Researchers from CFS and Oak Ridge National Laboratory (ORNL) have collaborated on fusion boundary research through a series of projects, including ORNL Strategic Partnership Projects and Laboratory Directed Research and Development projects, work under the Innovation Network for Fusion Energy (INFUSE), and other work in partnership with General Atomics.
Throughout this collaboration, ORNL has developed simulation capabilities required to address critical and time-sensitive design issues for the SPARC tokamak.
The study, appearing in Nuclear Fusion, evaluated actuator configurations, in particular those used to control neutral gas flowing in and out of the tokamak.
A power-producing fusion plasma must reach a temperature at its center hotter than the core of the sun. At the same time, it must maintain a temperature at the plasma edge that is cool enough to avoid vaporizing the fusion device.
New studies have found that using louvers at the bottom of the fusion device, like those found on the air ducts of a home, create local conditions that can reduce the temperature of the edge plasma. Specifically, the louvers allow the hot plasma to “detach” from the walls of the device, spreading out the heat.
To predict the actuators’ ability to control the plasma, ORNL developed new methods to run a major simulation code, SOLPS-ITER, in a dynamic, time-dependent manner, focused on the actuator design.
The SOLPS-ITER code models plasma and neutral transport in the boundary region of fusion devices and has been used to design plasma-facing components for many tokamaks, including the multinational ITER device under construction in France.

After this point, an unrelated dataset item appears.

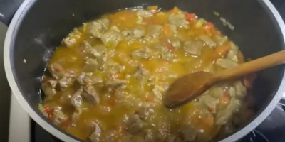 Propržiti junetinu na ulju par minuta da dobije koricu, zatim izvaditi iz šerpe. U isto ulje staviti sitno iseckano povrće i propržiti. Vratiti junetinu u šerpu. Promešati, začiniti i naliti sa malo temeljca. Nastaviti kuvanje. Nakon dvadesetak minuta dodati još temeljca. Kuvati dok meso ne bude bas mekano, po potebi dodavati temeljac. Za kraj smanjiti temperatru i dodati dve kafene kašičice začinske paprike, vrlo malo suvog začina i soli i jednu do dve kašičice brašna. Promešati, dodati iseckan krompir, i jedan paradajz. Naliti i ostaviti da se krčka još 20-25 minuta. Dodati sveži peršun. Prijatno!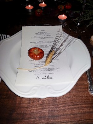 We eventually made our way indoors to the cozy dining area.  They have a sawmill at the farm as well, and you can tell someone is extremely talented. There were long walnut tables, handmade for us to sit at, with benches.  They were adorned with evergreen, red leaves, and what I presume to be heirloom tomatoes dried, with little tea lights to set just the right ambiance.   Simple and lovely.  I failed to get a photo of this.

This new dynamic simulation capability goes beyond standard steady-state models and was developed in a staged manner, first considering only plasma transport for predictive control, then the response of neutral particles to louver actuators, then finally a fully coupled dynamic model.
The CFS team then used this information to zero in on the simplest and least expensive actuator and diagnostics options from a large number of candidates. This work enables fusion energy scientists to better control tokamak devices.
The results of this study show a new path for handling this extreme heat, bringing researchers one step closer to a fusion energy source. The study used a new simulation capability that advances work on whole-device modeling and helps inform researchers about the systems that will control the SPARC plasma.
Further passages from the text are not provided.